“And times,” I said, “I sit in one of the window-seats on the stairway of the Public Library. And I look at the walls. A Frenchman with a marvelous fancy and great skill in his finger-ends has worked on those walls. He painted there the emblems of all the world’s great material things of all ages. And over them he painted a thin gray veil of those things that are not material, that come from no age, that are with us, around us, above us—as they were with the children of Israel, with the dwellers in Pompeii, with the fair cities of Greece and the inhabitants thereof.
“I have looked at the paintings and I have been dazzled and transported. What is there not upon those walls!
“I have seen, in truth, ‘the vision of the world and all the wonder that shall be.’

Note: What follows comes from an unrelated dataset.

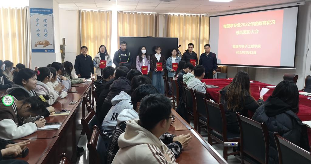 优秀实习生代表张文婧和靳方寒同学结合自身实习经历为2021级物理学专业的同学进行了经验分享。通过这次教育实习,学生普遍认为收获很大,通过规范化的教学训练,初步培养了他们从事中学物理教学的能力。在实习学校任教的过程中,逐步学会了如何将所学的专业知识、教育学、心理学知识综合运用于中学教学实践,这为今后走上工作岗位,更快、更好地适应中学教学奠定了良好的基础。

“I have seen the struggling of the chrysalis-soul and its bursting into light; I have seen the divinity that doth sometime hedge the earth; I have looked at a conception of Poetry and I have heard the thin, rhythmic sounds of shawms and stringed instruments; and I have heard low, voluptuous music from within the temple—human voices like sweet jessamine; I have seen the fascinating idolatry of pagans—and I have seen, pale in the evening by the light of a star, the wooden figure of the Cross; I have leaned over the edge of a chasm and beheld the things of old—the army of Hannibal before Carthage—the Norsemen going down to the sea in ships—the futile, savage fighting of Goths and Vandals; I have seen science and art within the walled cities, and I have seen frail little lambs gamboling by the side of the brook; I have seen night-shades lowering over occult works, and I have seen bees flying heavy-laden to their hives on a fine summer’s morning; I have heard a lute played where a tiny cataract leaps, and the pipes of Pan mingled with the bubbling notes of a robin in mint meadows; I have seen pages and pages of printed lines that reach from world’s end to world’s end; I have seen profound words written centuries ago in inks of many colors; I have seen and been overwhelmed by the marvels of scientific things bristling with the accurate kind of knowledge that I shall never know; withal, I have seen the complete serenity of the world’s face, as shown by the brush of the Frenchman Chavannes.
“And over all, the nebulous conception of the long, ignorant silence.
“What is there not upon those wonderful walls!
“I sit in semi-consciousness in the little window-seat and these things swim before my two gray eyes. My mind is full of the vision of murmuring, throbbing life.
“But what a thing is life, truly—for marvelous as are these pictures, those that I have seen, times, down where the rats forage among the rubbish, are more marvelous still.”
“Truly,” said my friend Annabel Lee, “there is much, much, in Boston. Tell me more.”
“Well, and there is the South Station,” I went on. “Oh, not until one has ambled and idled away a thousand hours in that place of trains and varied peoples can one know all of what is really to be found within its waiting-rooms.